[Data excerpts]
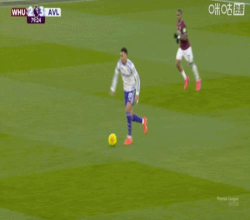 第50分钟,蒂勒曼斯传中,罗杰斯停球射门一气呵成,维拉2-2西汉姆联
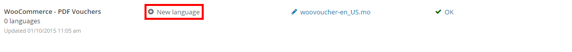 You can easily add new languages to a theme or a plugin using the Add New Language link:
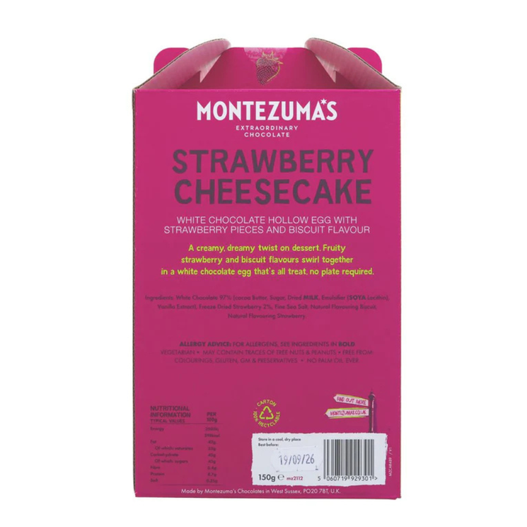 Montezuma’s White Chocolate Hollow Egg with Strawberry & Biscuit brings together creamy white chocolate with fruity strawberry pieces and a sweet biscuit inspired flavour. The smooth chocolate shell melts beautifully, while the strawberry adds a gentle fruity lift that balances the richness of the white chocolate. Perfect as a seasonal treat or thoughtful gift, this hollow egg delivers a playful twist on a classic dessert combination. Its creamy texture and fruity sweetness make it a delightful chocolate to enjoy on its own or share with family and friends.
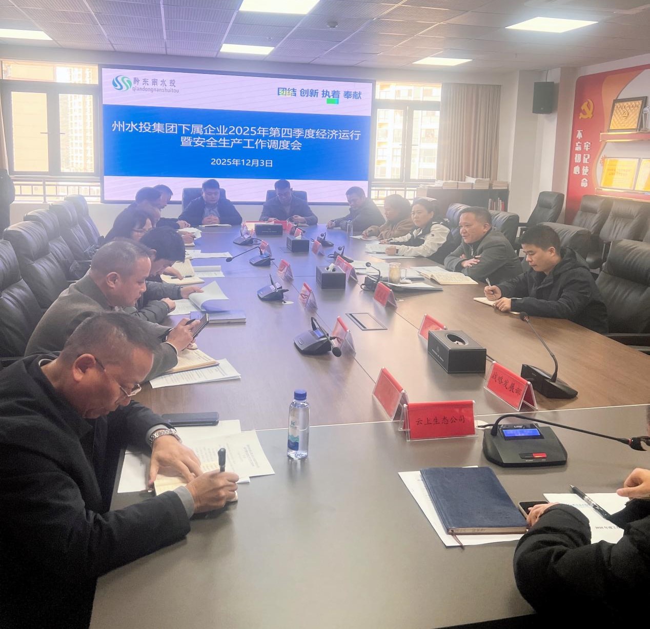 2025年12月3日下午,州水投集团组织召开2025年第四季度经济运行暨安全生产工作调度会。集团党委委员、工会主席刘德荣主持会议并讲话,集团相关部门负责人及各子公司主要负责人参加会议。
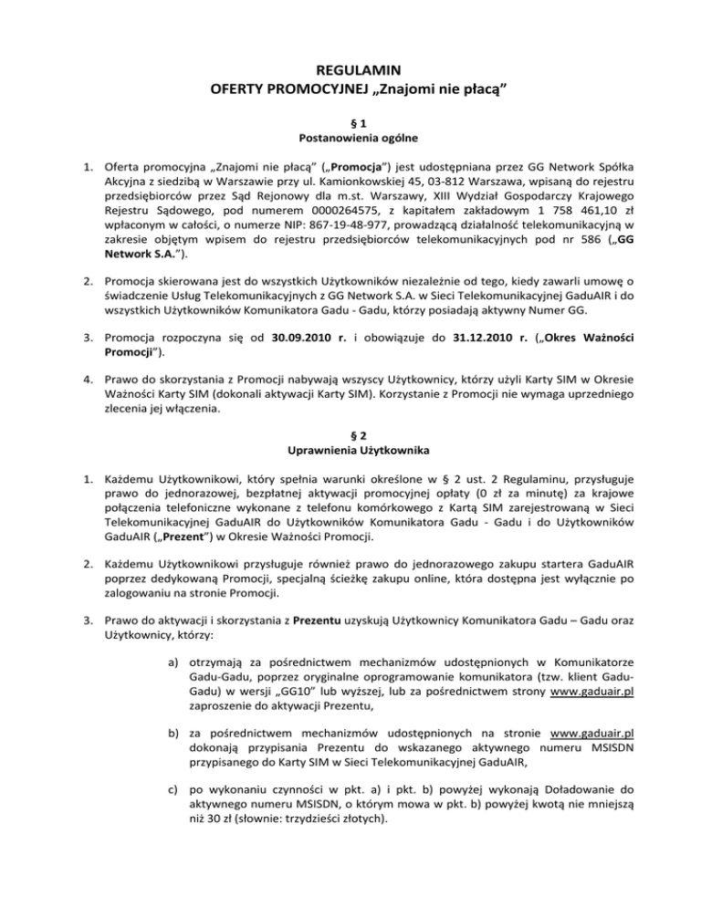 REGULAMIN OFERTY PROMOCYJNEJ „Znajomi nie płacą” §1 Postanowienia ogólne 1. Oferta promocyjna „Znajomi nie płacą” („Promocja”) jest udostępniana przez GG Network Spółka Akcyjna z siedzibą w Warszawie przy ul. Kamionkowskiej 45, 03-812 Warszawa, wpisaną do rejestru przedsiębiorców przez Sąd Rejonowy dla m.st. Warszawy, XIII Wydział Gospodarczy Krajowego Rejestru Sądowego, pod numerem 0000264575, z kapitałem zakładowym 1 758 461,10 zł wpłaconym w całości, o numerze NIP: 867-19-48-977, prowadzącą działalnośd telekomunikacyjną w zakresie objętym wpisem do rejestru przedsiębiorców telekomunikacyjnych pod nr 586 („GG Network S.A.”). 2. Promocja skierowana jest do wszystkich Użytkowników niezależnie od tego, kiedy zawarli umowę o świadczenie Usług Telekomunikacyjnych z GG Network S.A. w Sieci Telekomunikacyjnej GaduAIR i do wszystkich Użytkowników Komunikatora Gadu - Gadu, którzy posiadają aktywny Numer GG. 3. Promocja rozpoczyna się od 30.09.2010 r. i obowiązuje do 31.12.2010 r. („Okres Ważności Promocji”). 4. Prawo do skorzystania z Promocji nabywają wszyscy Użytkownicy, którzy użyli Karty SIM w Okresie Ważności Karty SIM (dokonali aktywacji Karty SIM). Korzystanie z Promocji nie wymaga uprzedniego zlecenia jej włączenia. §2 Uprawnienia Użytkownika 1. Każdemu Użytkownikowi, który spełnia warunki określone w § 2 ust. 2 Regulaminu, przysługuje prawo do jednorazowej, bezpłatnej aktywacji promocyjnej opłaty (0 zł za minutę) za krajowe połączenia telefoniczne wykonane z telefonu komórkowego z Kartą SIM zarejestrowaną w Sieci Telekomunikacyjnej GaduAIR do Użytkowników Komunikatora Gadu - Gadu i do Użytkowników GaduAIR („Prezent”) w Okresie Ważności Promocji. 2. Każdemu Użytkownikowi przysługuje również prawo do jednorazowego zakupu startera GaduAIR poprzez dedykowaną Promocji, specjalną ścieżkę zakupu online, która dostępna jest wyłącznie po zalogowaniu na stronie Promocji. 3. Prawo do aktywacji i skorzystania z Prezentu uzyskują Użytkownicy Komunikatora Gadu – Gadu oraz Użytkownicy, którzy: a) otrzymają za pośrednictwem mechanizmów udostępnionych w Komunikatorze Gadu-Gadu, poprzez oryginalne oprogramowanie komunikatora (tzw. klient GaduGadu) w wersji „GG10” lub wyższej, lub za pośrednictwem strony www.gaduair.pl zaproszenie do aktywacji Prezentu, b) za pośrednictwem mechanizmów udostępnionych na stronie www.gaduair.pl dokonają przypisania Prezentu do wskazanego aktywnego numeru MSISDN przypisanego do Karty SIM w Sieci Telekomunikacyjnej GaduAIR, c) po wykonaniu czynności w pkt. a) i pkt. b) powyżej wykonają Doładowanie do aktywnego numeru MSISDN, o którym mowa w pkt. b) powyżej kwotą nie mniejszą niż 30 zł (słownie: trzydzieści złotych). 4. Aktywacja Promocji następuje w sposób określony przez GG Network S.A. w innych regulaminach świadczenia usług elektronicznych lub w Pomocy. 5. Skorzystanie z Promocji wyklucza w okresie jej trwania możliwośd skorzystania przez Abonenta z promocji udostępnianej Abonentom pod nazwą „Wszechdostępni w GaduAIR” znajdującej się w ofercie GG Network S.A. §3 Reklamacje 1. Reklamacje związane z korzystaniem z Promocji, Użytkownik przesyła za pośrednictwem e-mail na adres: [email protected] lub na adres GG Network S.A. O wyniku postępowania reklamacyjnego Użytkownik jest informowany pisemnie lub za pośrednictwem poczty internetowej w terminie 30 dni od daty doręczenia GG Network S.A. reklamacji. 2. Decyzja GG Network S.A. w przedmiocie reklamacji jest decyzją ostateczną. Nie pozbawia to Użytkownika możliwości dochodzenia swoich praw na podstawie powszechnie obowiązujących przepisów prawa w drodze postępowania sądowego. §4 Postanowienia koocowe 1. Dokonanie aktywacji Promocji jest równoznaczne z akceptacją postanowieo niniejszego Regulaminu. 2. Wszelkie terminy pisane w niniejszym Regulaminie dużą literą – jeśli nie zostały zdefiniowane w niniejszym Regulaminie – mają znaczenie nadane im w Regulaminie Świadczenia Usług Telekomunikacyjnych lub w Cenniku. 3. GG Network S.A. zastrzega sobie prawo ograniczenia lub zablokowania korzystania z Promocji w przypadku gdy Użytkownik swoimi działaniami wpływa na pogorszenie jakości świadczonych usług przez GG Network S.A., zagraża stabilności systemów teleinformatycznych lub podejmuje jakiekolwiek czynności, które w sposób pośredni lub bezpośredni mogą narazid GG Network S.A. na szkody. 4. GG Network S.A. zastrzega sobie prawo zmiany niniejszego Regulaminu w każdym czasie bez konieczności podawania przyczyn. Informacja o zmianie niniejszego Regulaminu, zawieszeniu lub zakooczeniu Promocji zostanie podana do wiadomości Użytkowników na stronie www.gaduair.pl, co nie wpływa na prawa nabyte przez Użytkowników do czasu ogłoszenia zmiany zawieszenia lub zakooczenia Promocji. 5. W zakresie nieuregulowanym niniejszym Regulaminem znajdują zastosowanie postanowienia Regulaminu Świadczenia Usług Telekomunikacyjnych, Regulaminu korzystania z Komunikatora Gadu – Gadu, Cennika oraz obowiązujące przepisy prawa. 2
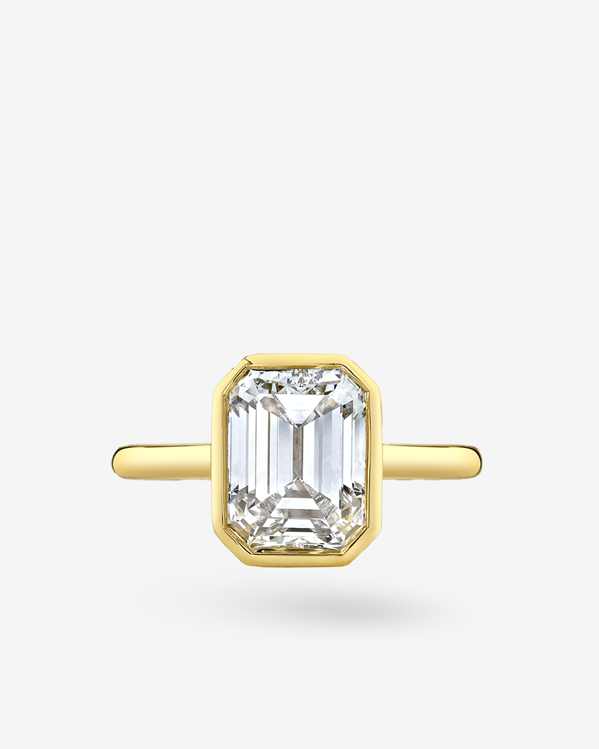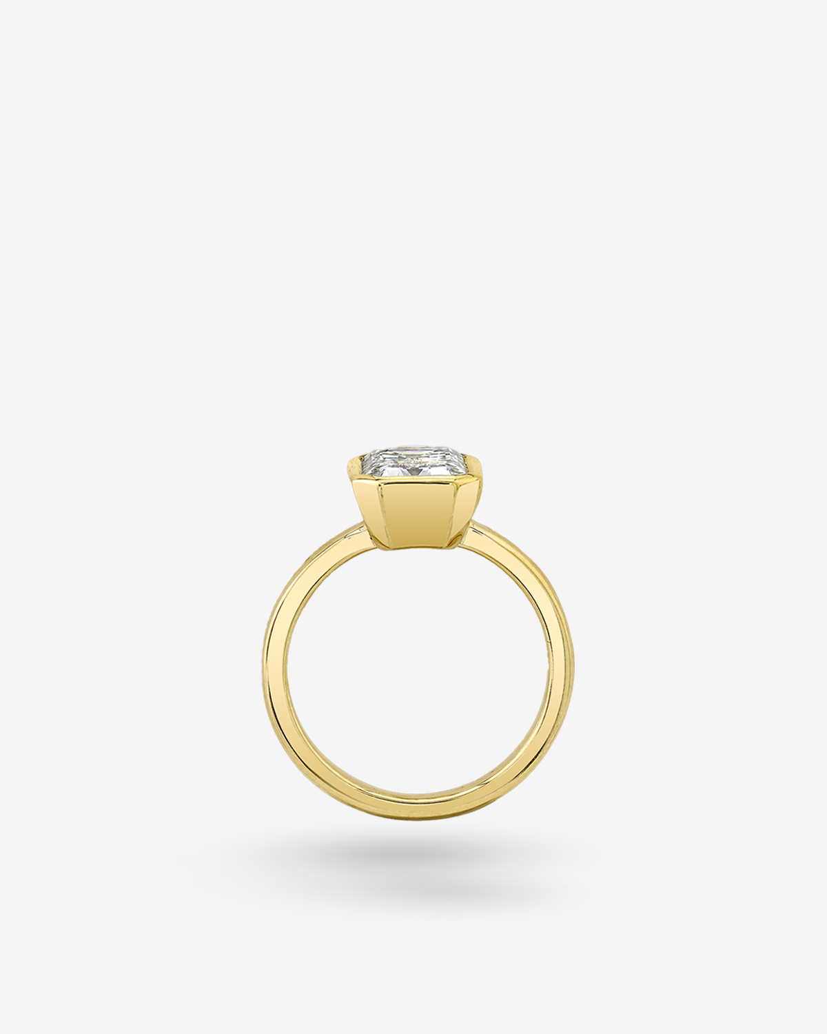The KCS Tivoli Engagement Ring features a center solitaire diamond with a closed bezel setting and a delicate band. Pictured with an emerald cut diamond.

Try it:
Output exactly the lines from the first line of the records through the line containing "You can easily". Leave out every picture.

Problem solution:
 第50分钟,蒂勒曼斯传中,罗杰斯停球射门一气呵成,维拉2-2西汉姆联
 You can easily add new languages to a theme or a plugin using the Add New Language link:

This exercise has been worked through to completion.